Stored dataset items
Segment Open
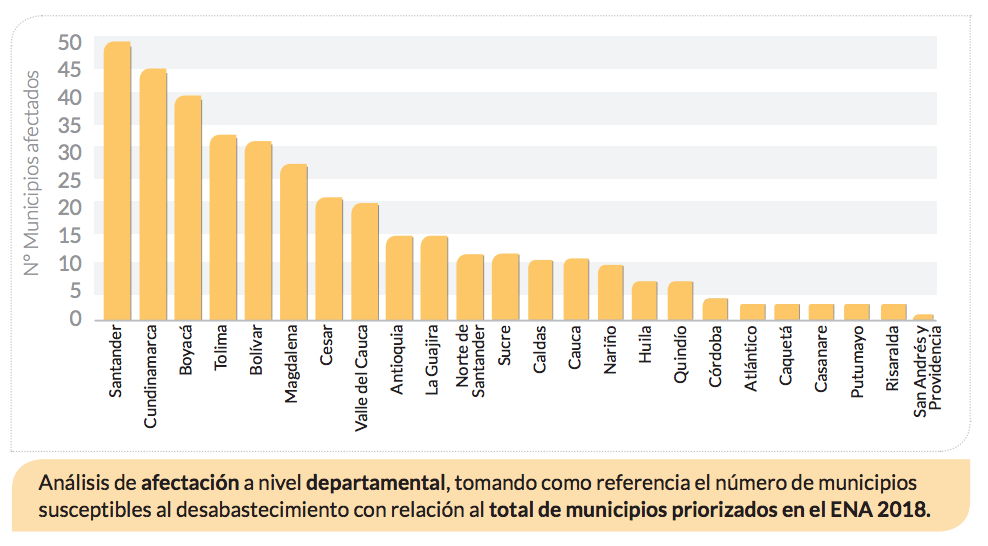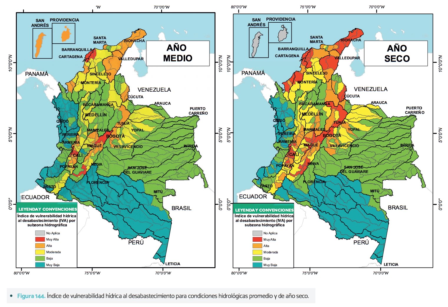 La deforestación y el cambio climático son las principales causas de que 391 municipios estén al borde de quedarse sin agua. Los casos más graves están en Santander, Tolima y Cundinamarca. Particularmente, las subzonas más vulnerables al desabastecimiento en cualquier época del año están en la cuenca del río Cauca: en los ríos Lilí–Meléndez y Cañaveralejo, ríos Guabas, Sabaletas y Sonso, ríos Arroyohondo, Yumbo, Mulalo, Vijes, Yotoco, Mediacanoa y Piedras, ríos Amaime y Cerrito, río Piendamó y río Guachal.
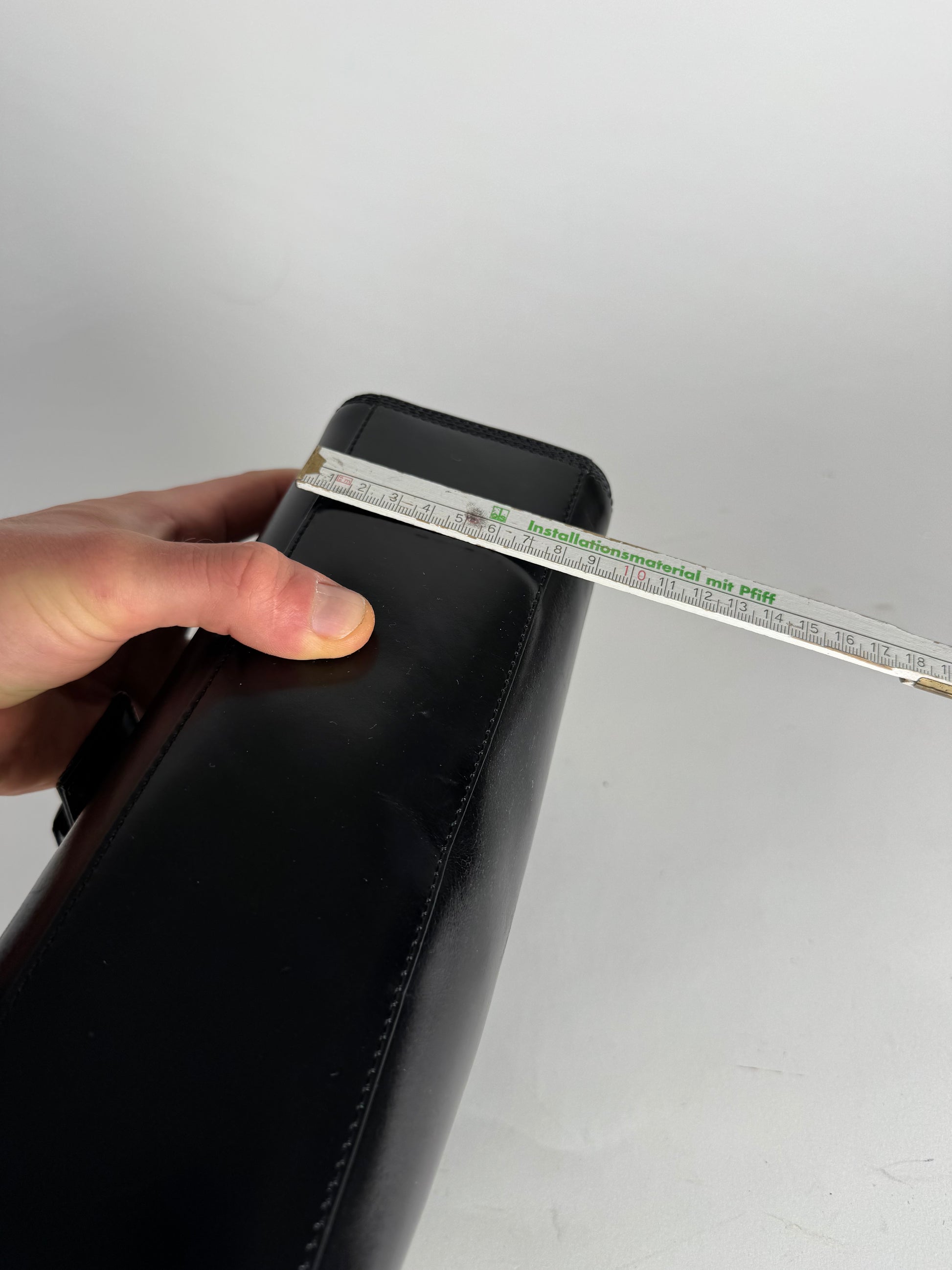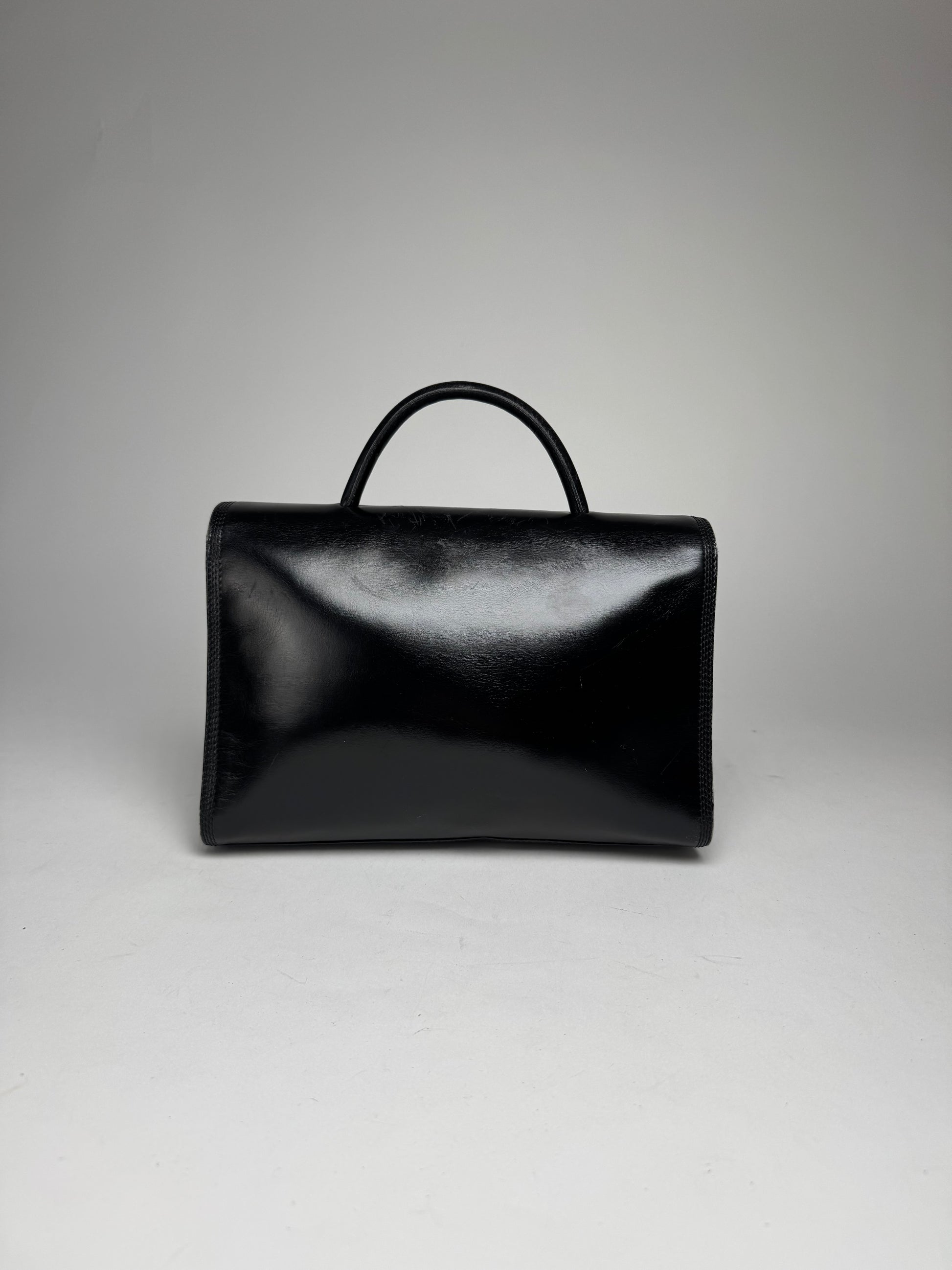 This vintage handbag is crafted from black leather and features a short handle. The interior lining is sticky and damaged; therefore, despite minor scratches and stains, the overall condition is best described as good. Made in Spain.
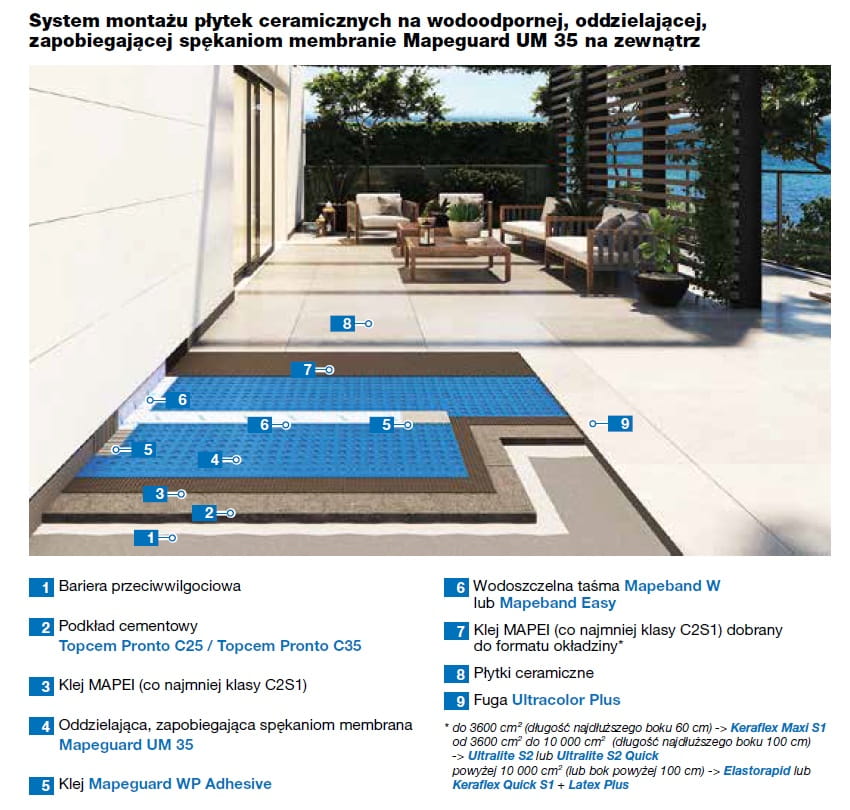 Mapeguard UM 35 to membrana składająca się z warstwy wykonanej z polietylenu o dużej gęstości (HDPE), o strukturze plastra miodu i chropowatej powierzchni oraz ze spodniej warstwy wykonanej z tkaniny polipropylenowej. Taka budowa membrany poprawia przyczepność kleju po obu stronach Mapeguard UM 35.
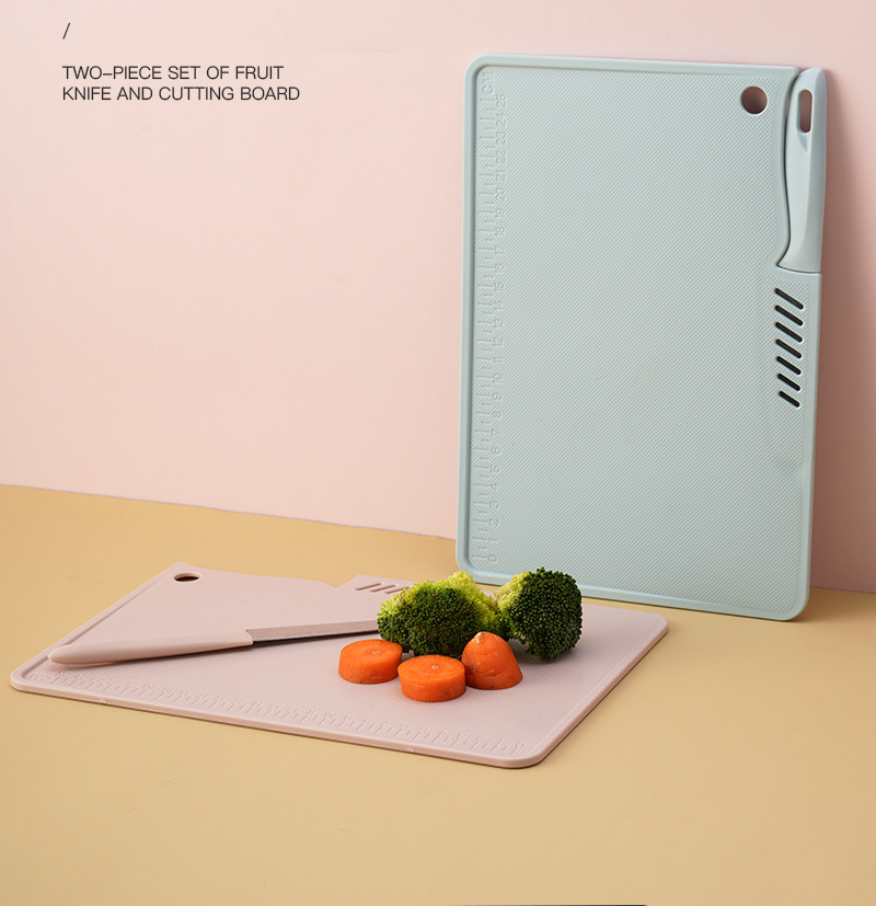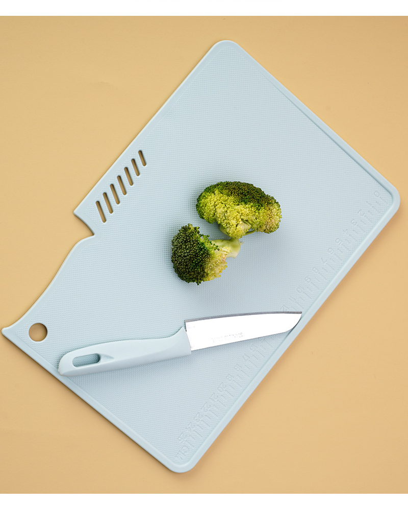 The PP cutting board and knives set is made with a sharp stainless steel blade, perfect for cutting, and the soft-grip handle provides greater comfort and control when chopping.
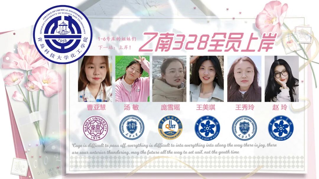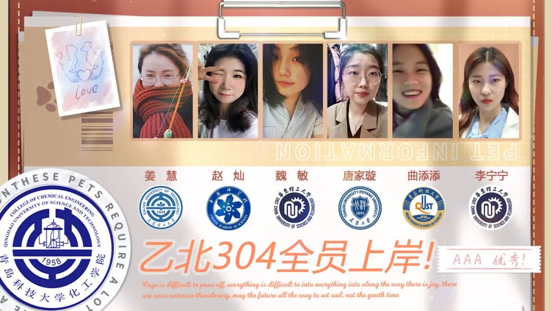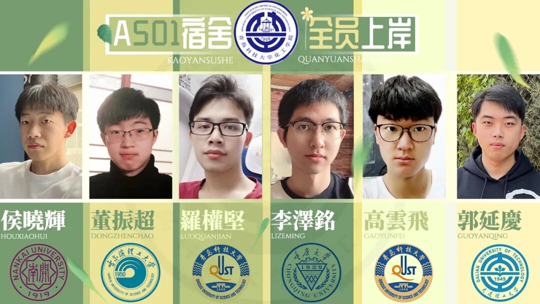 近日,青岛科技大学化工学院慧园乙北304宿舍的六位女生实现了考研全员上岸。其中,3名同学推免读研,1名同学被大连理工大学录取1名同学被华东理工大学录取,1名考取本校继续学习。
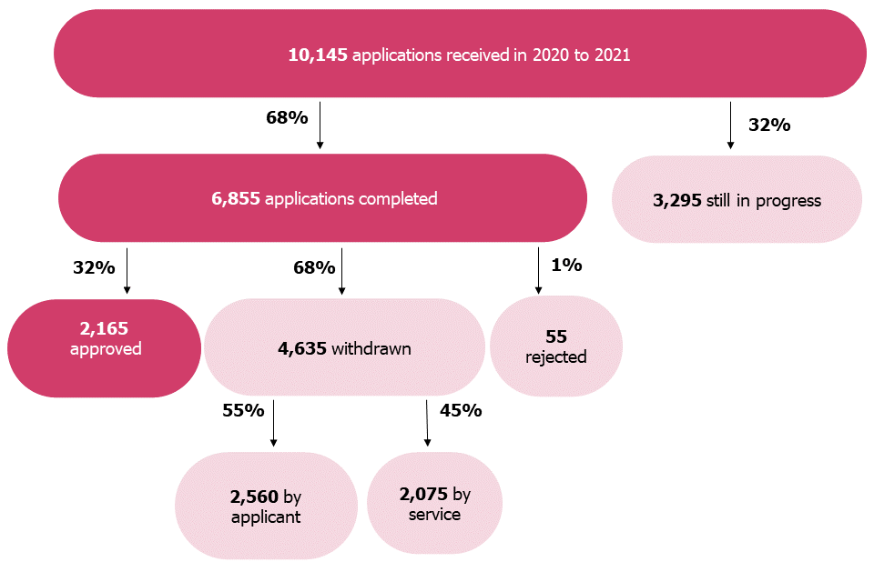 Data for Figure 8: Applications received in 2020 to 2021, by status on 31 March 2021
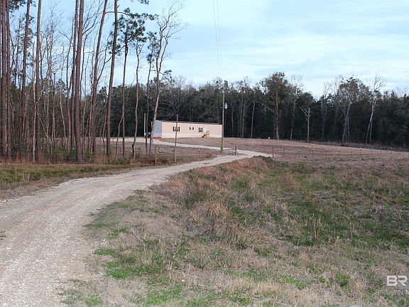 Looking for acreage with a mobile home? Here it is! 14 acres of cleared and fenced land with a 16 x 80, 3 bedroom/2 bath 2005 mobile home. Mobile home includes a garden tub with a separate shower and double sink. Kitchen is spacious with dining area. Property is on well water and septic tank. Live in the mobile home as you build your dream home. Then, use the mobile home as rental property. Bring your horses! There are immense possibilities! Great location just miles from I-10 and the Baldwin Beach Express. Enjoy the country setting that you have been looking for. It is located on a private, gravel, gated driveway. All appliances are included, and there are no restrictions. Agent is related to seller.
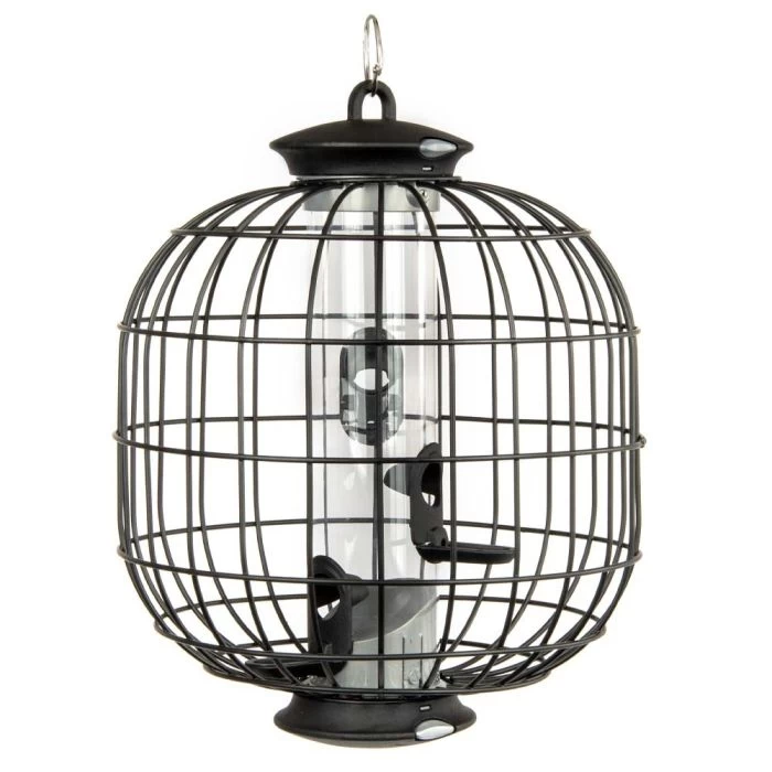 The cage is made of high-quality material and finished with a durable powder coating. The openings between the bars ensure that small birds can quietly eat from the feeder but prevent larger birds and squirrels from pilfering the food. Now you have the choice to use a Guardian or not depending on which birds visit your garden.
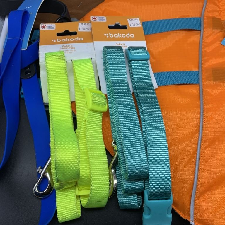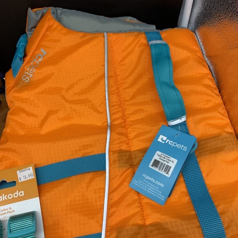 NEW RC PETS TIDAL LIFE VEST SIZE XL, QUICK GRAB TREAT BAG, WATERPROOF DOG LEASH AND COLLAR AND LEASH PACKS RETAIL $150
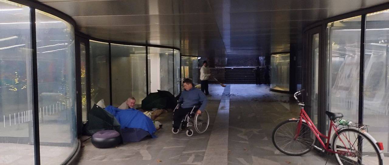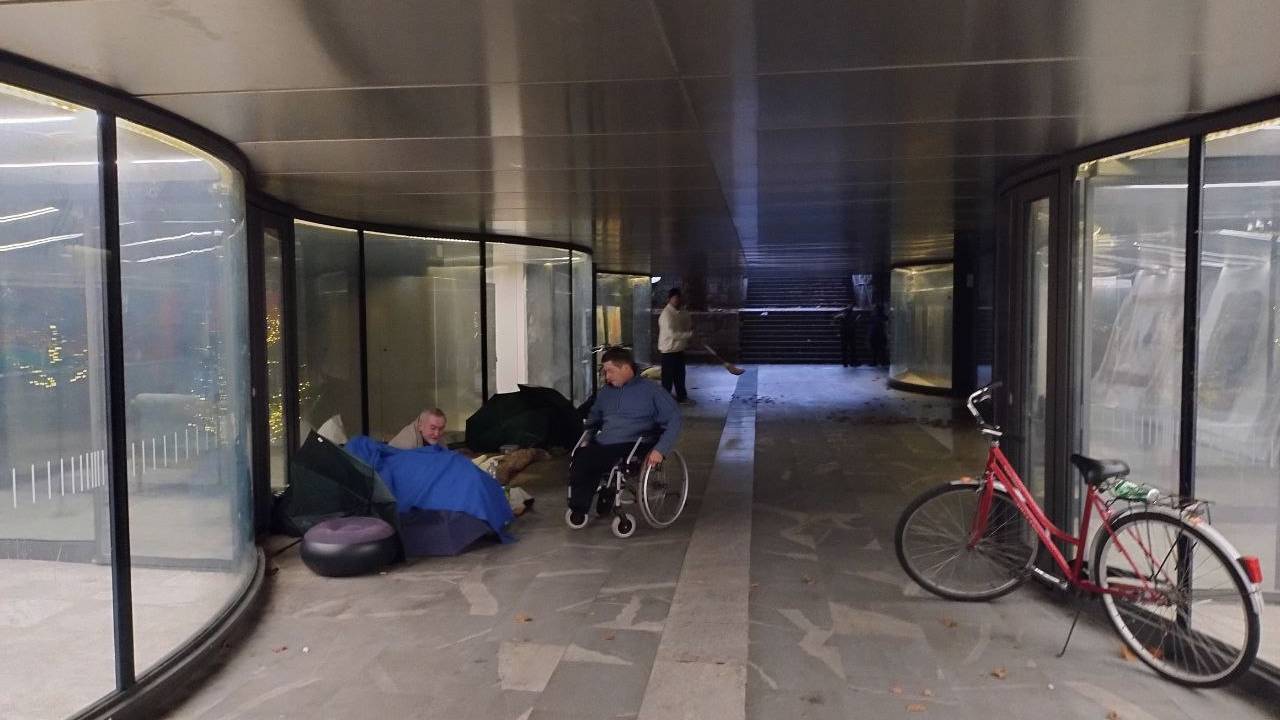 Po tleh ležijo pobruhane in pourinirane vzmetnice, vzglavniki in spalne vreče, steklenice s pijačo in torbe. Brezdomci so me začudeno gledali, eden reče: »Kaj počneš tukaj, tukaj nimaš kaj delati!«
Segment Closed
Look above for the line with "Mapeguard UM 35 to" and the line with "Data for Figure". Give again exactly those two lines and all lines between them, pictures excluded.

-- EXERCISE OUTPUT --
 Mapeguard UM 35 to membrana składająca się z warstwy wykonanej z polietylenu o dużej gęstości (HDPE), o strukturze plastra miodu i chropowatej powierzchni oraz ze spodniej warstwy wykonanej z tkaniny polipropylenowej. Taka budowa membrany poprawia przyczepność kleju po obu stronach Mapeguard UM 35.
 The PP cutting board and knives set is made with a sharp stainless steel blade, perfect for cutting, and the soft-grip handle provides greater comfort and control when chopping.
 近日,青岛科技大学化工学院慧园乙北304宿舍的六位女生实现了考研全员上岸。其中,3名同学推免读研,1名同学被大连理工大学录取1名同学被华东理工大学录取,1名考取本校继续学习。
 Data for Figure 8: Applications received in 2020 to 2021, by status on 31 March 2021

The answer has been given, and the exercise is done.